Clearly the US Government we all know is an impostor that just plum stole the country way back in 1803 and has been adding on to its list of heinous crimes ever since by doing all these things that aren't in the fundamental legal text. Or maybe such an incredibly dim and narrow minded interpretation of the law is fundamentally ignorant of what the actual practice of governing a country is like over the course of centuries. I wonder.

There is an argument that one should break the law, and there are also good arguments that the Founding Fathers had bad ideas for running a country. But your arguments are refutable.

First, that James Madison quote assumes that judges will at least attempt to uphold the constitution AS IT WAS INTENDED TO BE- not to strike down parts of it.

Second, countries as small as Luxembourg and the Vatican survive. It may not be as efficent, but every individual state could run the likes of Social Security. In modern times, many things could be amended into the Constitution- they have enough support.

Third, I was using Washington's view in an attempt to ascertain what was intended by the Constitution. Leaving NATO is different because a foriegn policy conducted by CONGRESS would be in the spirit of the Constitution. (It worked in Ancient Greek times to have a people-driven foriegn policy, so why not Congress? I've read much of The Peloponnesian War, which I source for the claim)

It is bleeding obvious that the US government subverted the intentions of the Founding Fathers- therefore your mock view of the US government is actually fairly close to the truth.

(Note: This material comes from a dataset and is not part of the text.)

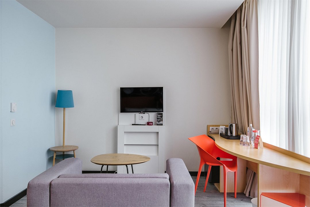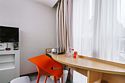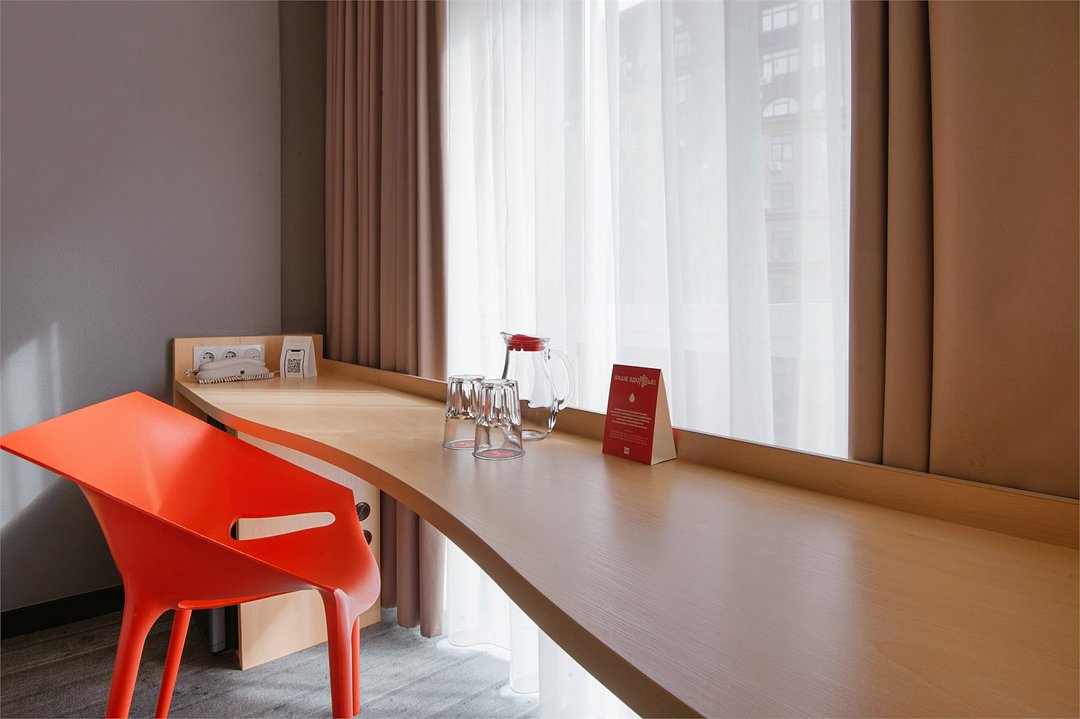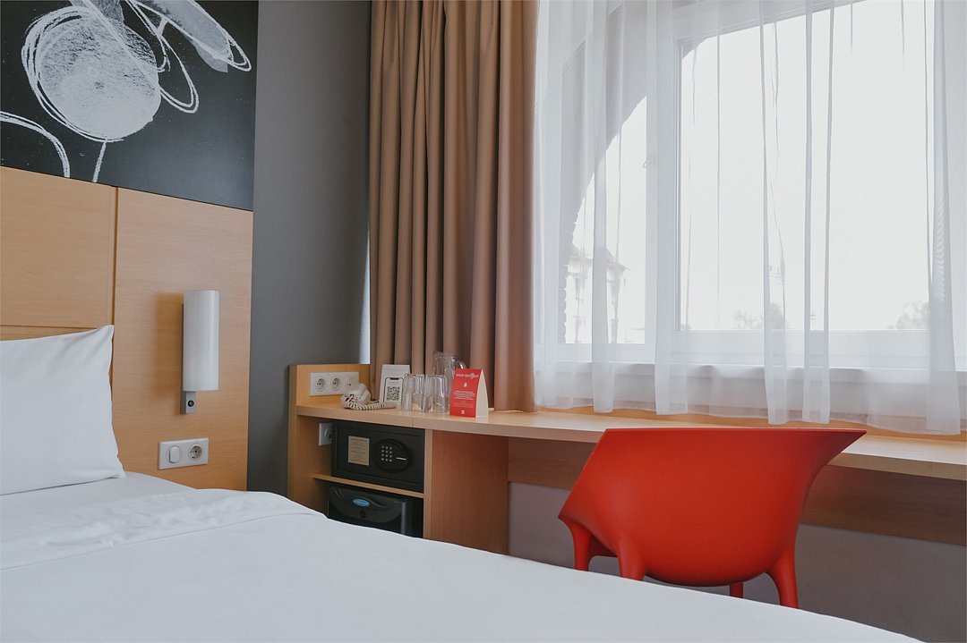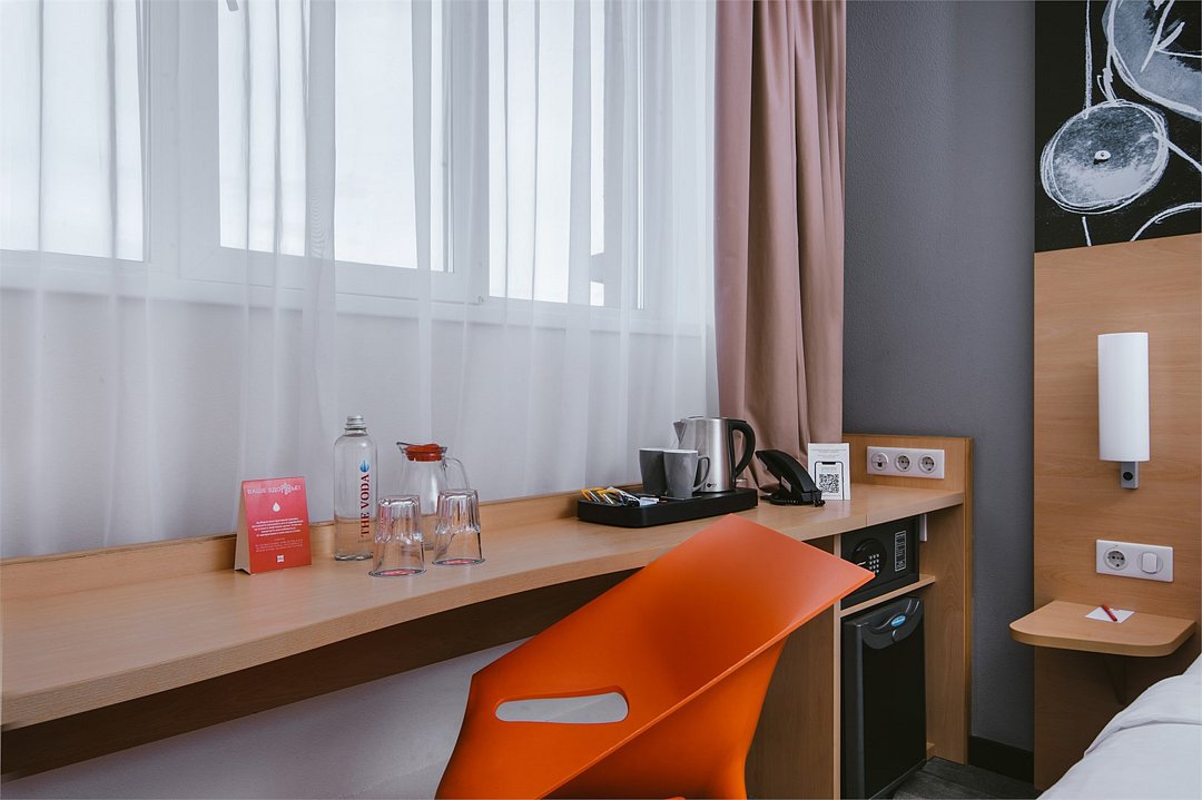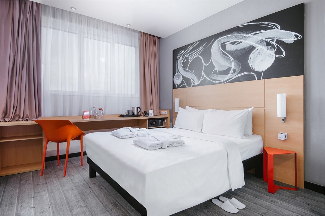 Этот просторный номер Премиум увеличенной площади подарит вам возможность отдохнуть с дополнительным комфортом. Номер 21м² оснащен двуспальной кроватью Sweet Bed от ibis 160х200см, односпальным раскладным креслом и ванной комнатой с душевой кабиной. Среди прочих удобств – телевизор 32" с плоским экраном, чайная станция, Wi-Fi, мини-бар, умная колонка. Косметические принадлежности включены в стоимость номера.Услуги и удобства

You can't just assume it is inherently absurd.
 
Yeah, the Founding Fathers of America must be responsible for the USA's meteoric rise to power in the past few centuries...

Also, you are a hypocrite. You cannot substantially prove to me that it was a lack of attention and not your deliberate anarchist ways.
 
Yeah, the Founding Fathers of America must be responsible for the USA's meteoric rise to power in the past few centuries...

Also, you are a hypocrite. You cannot substantially prove to me that it was a lack of attention and not your deliberate anarchist ways.

1- Rulers should not seek power, but the good of their people. But they should achieve this within moral principles- like actually keeping their own Constitution...

2- If I seem so stupid, doesn't it seem plausible I could make a stuffup like that?

EDIT: To be fair, even Thomas Jefferson broke the Constitution (the Louisana Purchase).